Severe fireside corrosion, encountered especially in boilers using biomass and recycled fuel, occurs when chemical reactions with the combustion gases and deposits at high temperatures cause the loss of heat exchanger surfaces, e.g., superheaters. It is often caused by a gaseous or molten attack induced by compounds of chlorine, bromine, alkali metals (K, Na), sulfur, and heavy metals (Zn, Pb, Cu, etc.) [5,6,7,8]. Corrosion may cause a leakage, which leads to a shut-down of the boiler and hence severe costs by reduced availability and repair [9]. Other than using higher alloyed steels or nickel-based alloy tubes, thermal spray coatings can be applied to low alloyed tubes for corrosion protection with economical cost and high thermo-mechanical properties. In thermal spraying, the coating is formed from molten or semi-melted droplets producing a lamellar structure. High velocity spray methods generate coatings with good adhesion and low porosity [10], which are essential for sufficient protection of the substrate material.
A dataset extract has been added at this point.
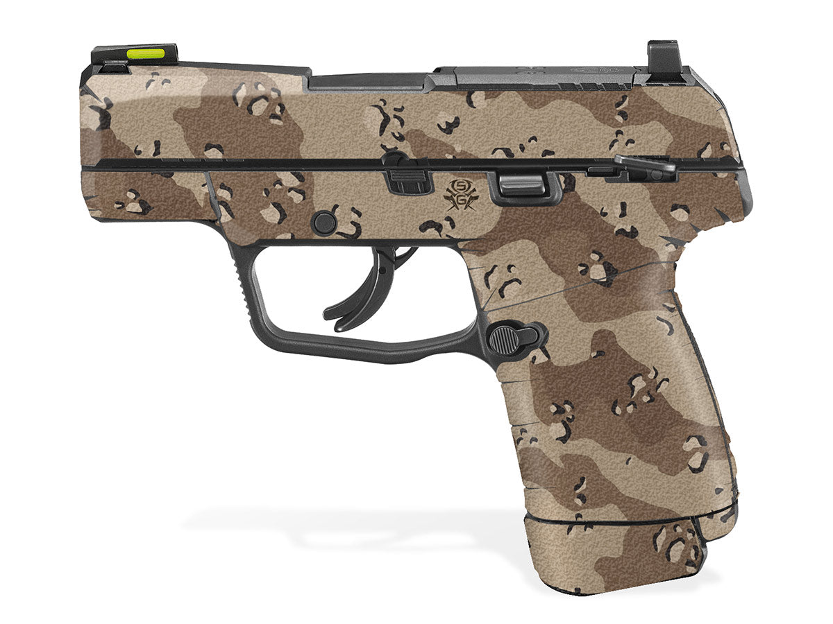 Decal Grip for Ruger Max-9 – Showgun decal grips are manufactured with a rubberized, textured vinyl and specially formulated 3M adhesive, that molds into textured surfaces and stays on through harsh environments and conditions. Cover just the frame of your Ruger Max9 or apply it to the slide as well. The rubber-like feel is not only non-slip, but it won’t chaff or irritate your skin. Desert Camo design.

Thermal spray coatings have proven their ability for corrosion protection in laboratory tests, e.g., plasma sprayed NiCr coating against high temperature corrosion under deposits simulating conditions of coal-biomass firing [11]. The performance was strongly dependent on the amount of the chromium in the coating, as the corrosion protection took place by a protective chromium oxide layer.
In this study, five thermal spray coatings were tested in a co-firing biomass boiler for 1300 h, up to 750 °C material temperatures, with a measurement probe in order to validate the corrosion performance in actual conditions [12]. As reference, ferritic steel and nickel based alloys were exposed to the same conditions.

2. Materials and Methods

High temperature corrosion performance of five thermal spray coatings were tested in a biomass co-fired circulating fluidized bed boiler for about 1300 h with a controlled probe measurement. Two tube metal alloys were used as reference materials. Test temperatures for the materials were 550 °C and 750 °C.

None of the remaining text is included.